Quality is owned by everyone. A common pitfall of many organizations is the belief that the quality of the product is the responsibility of one team. It’s foolish to think that nine of our three hundred and fifty employees are solely responsible for the relative quality of our product.

It’s not just that the software application works. It’s not just that the quality engineering team finds all the bugs, or the engineering team fixes them as fast as possible. It’s that the company that builds the software application approaches quality holistically in all facets of each department. We should embody quality in all that we do, including all communications internally and externally, whether in person, via Zoom, or Slack/emails.

If we all embody a perspective of holistic quality, it will be present in our output, fostering better teamwork, relationships, and products.

INTEGRITY

We define integrity as a state of being whole and undivided. It is the pursuit of an undivided relationship with your peers, people who you report to, and those who report to you, within your organization and outside of it.

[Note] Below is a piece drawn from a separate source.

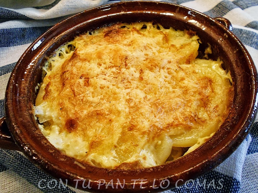 Las patatas gratinadas de hoy pueden servir como un primero, un acompañamiento o una cena, y en general les suele encantar a los niños, además de que es un plato muy económico que siempre viene bien. Se pueden hacer en una fuente grande, normalmente cuando las hago para acompañar, pero a mi me gusta más hacerlas en cazuelitas individuales y así para una cena está genial.
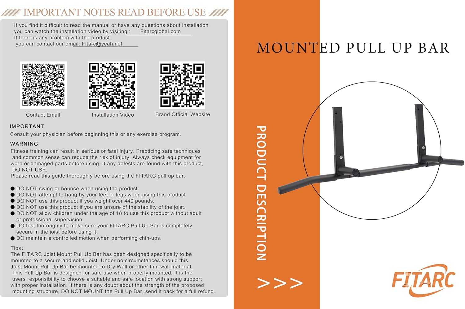 Installation conditions: The FITARC Joist Mount Pull Up Bar has been designed specifically to be mounted to a secure and solid Joist. Under no circumstances should this Joist Mount Pull Up Bar be mounted to Dry Wall or other thin wall material

We pursue wholeness and an undivided approach to everything that we do. If we perceive any type of incongruity internally or externally, we go after it. We approach conflict with the attitude of teamwork, asking “How may I better help you? Working together does not have to be combat. We’re supposed to desire to work together and pursue harmony. I want to be a person that is integral to the success of this business, whatever that might look like, and I feel like there might be some type of division here.”

Being a person of integrity means we maintain a posture of grace and trust, taking ownership, and pursuing quality in everything we do.

Core values create accountability and alignment.  Accountability and alignment allow you to focus on what matters most to the business which ultimately benefits the customer. If you notice someone displaying one or more of these values, please go to the Shout Out Slack Channel and tell us all about it!